* REQUIRED WORK: Copy out each line below containing "with".

* GIVEN DATA:
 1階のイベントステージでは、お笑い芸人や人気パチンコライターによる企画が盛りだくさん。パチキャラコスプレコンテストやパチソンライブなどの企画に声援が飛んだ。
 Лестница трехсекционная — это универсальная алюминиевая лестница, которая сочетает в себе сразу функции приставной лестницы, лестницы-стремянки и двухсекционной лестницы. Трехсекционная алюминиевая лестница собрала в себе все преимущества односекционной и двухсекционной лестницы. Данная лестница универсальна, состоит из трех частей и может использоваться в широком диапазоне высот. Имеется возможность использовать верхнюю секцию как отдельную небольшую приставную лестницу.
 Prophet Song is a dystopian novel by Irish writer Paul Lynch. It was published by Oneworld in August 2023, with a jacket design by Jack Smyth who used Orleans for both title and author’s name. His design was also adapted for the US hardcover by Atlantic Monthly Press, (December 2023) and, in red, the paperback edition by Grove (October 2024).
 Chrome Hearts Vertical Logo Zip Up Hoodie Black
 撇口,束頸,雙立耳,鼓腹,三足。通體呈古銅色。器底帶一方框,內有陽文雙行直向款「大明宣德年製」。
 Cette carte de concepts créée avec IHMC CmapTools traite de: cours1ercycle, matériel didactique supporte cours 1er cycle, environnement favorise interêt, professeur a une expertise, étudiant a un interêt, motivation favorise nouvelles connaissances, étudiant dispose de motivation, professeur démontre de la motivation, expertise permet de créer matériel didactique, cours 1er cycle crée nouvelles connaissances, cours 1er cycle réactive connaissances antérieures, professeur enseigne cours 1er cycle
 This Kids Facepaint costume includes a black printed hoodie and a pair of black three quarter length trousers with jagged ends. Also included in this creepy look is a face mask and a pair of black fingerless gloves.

* * *

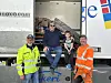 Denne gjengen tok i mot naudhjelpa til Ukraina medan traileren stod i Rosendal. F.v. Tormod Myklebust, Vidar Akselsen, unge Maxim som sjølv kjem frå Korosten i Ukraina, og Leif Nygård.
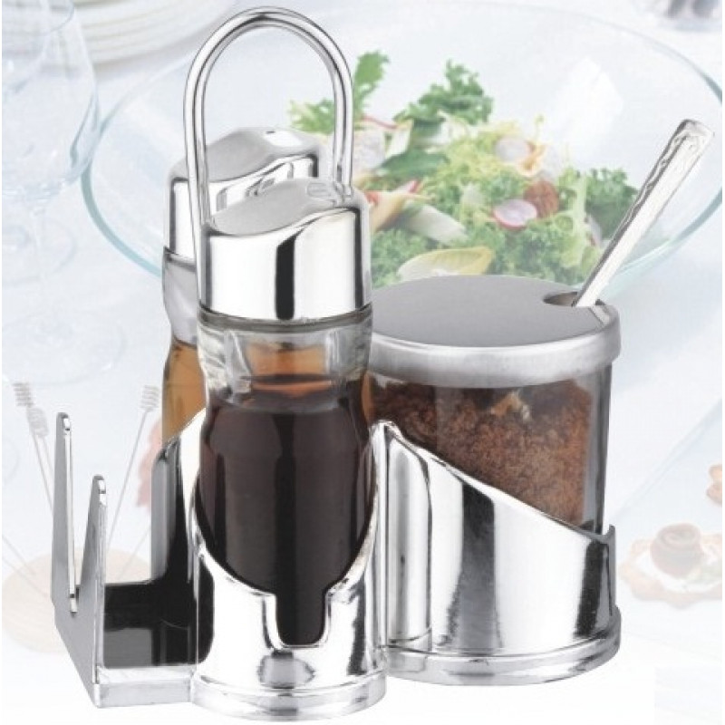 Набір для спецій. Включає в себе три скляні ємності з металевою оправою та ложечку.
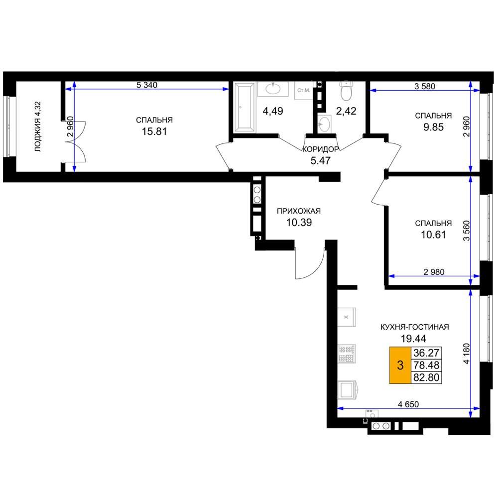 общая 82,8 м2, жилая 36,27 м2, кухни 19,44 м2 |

==

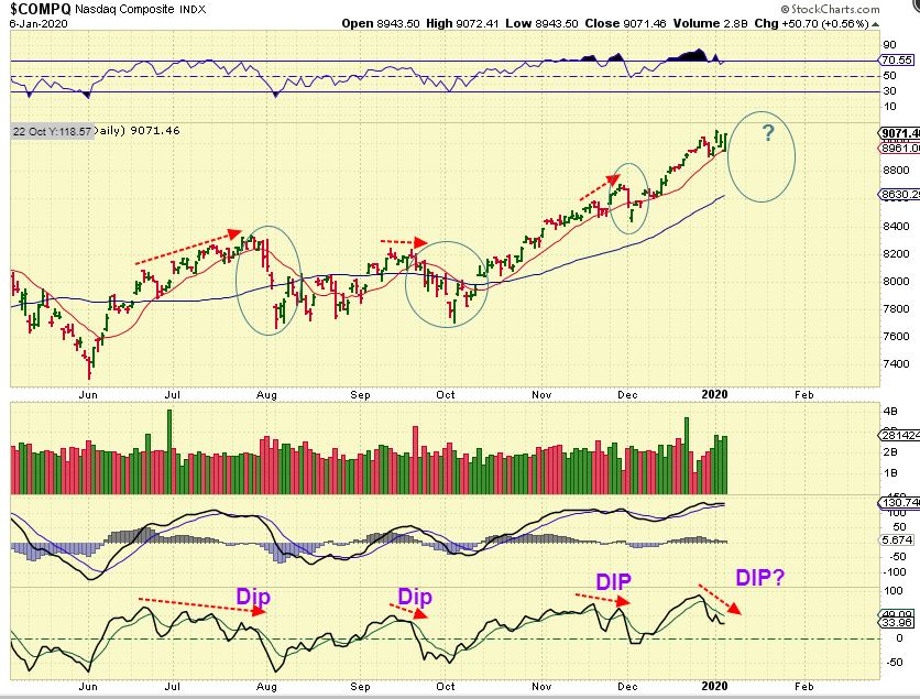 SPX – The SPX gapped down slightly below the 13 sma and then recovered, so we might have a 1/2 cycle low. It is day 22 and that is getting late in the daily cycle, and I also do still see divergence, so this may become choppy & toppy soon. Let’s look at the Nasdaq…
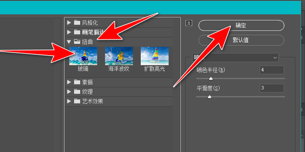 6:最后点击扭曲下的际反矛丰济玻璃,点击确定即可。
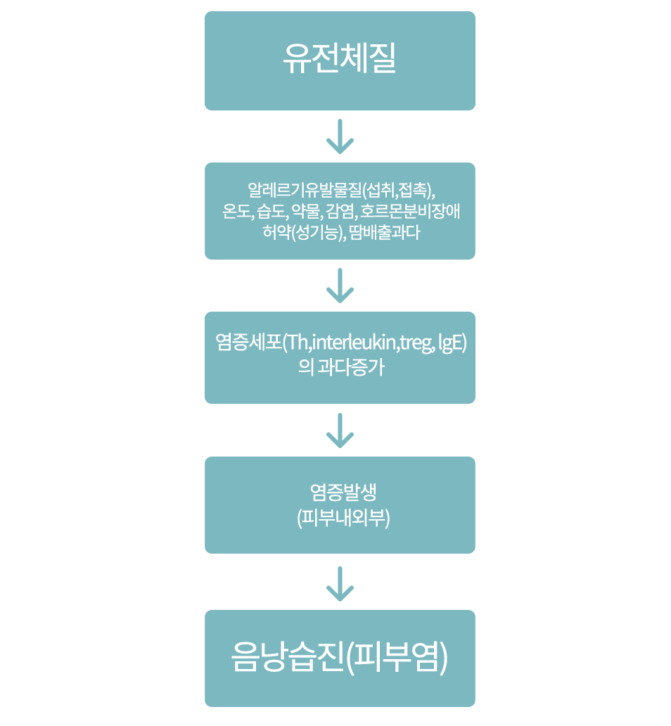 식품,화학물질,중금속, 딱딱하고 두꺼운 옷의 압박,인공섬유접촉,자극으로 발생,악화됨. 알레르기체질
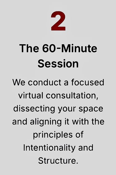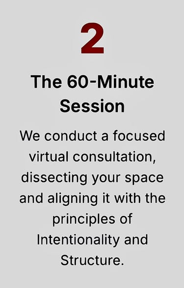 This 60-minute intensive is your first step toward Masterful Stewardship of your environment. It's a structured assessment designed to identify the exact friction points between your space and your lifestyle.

* PROBLEM SOLUTION:
 Prophet Song is a dystopian novel by Irish writer Paul Lynch. It was published by Oneworld in August 2023, with a jacket design by Jack Smyth who used Orleans for both title and author’s name. His design was also adapted for the US hardcover by Atlantic Monthly Press, (December 2023) and, in red, the paperback edition by Grove (October 2024).
 This Kids Facepaint costume includes a black printed hoodie and a pair of black three quarter length trousers with jagged ends. Also included in this creepy look is a face mask and a pair of black fingerless gloves.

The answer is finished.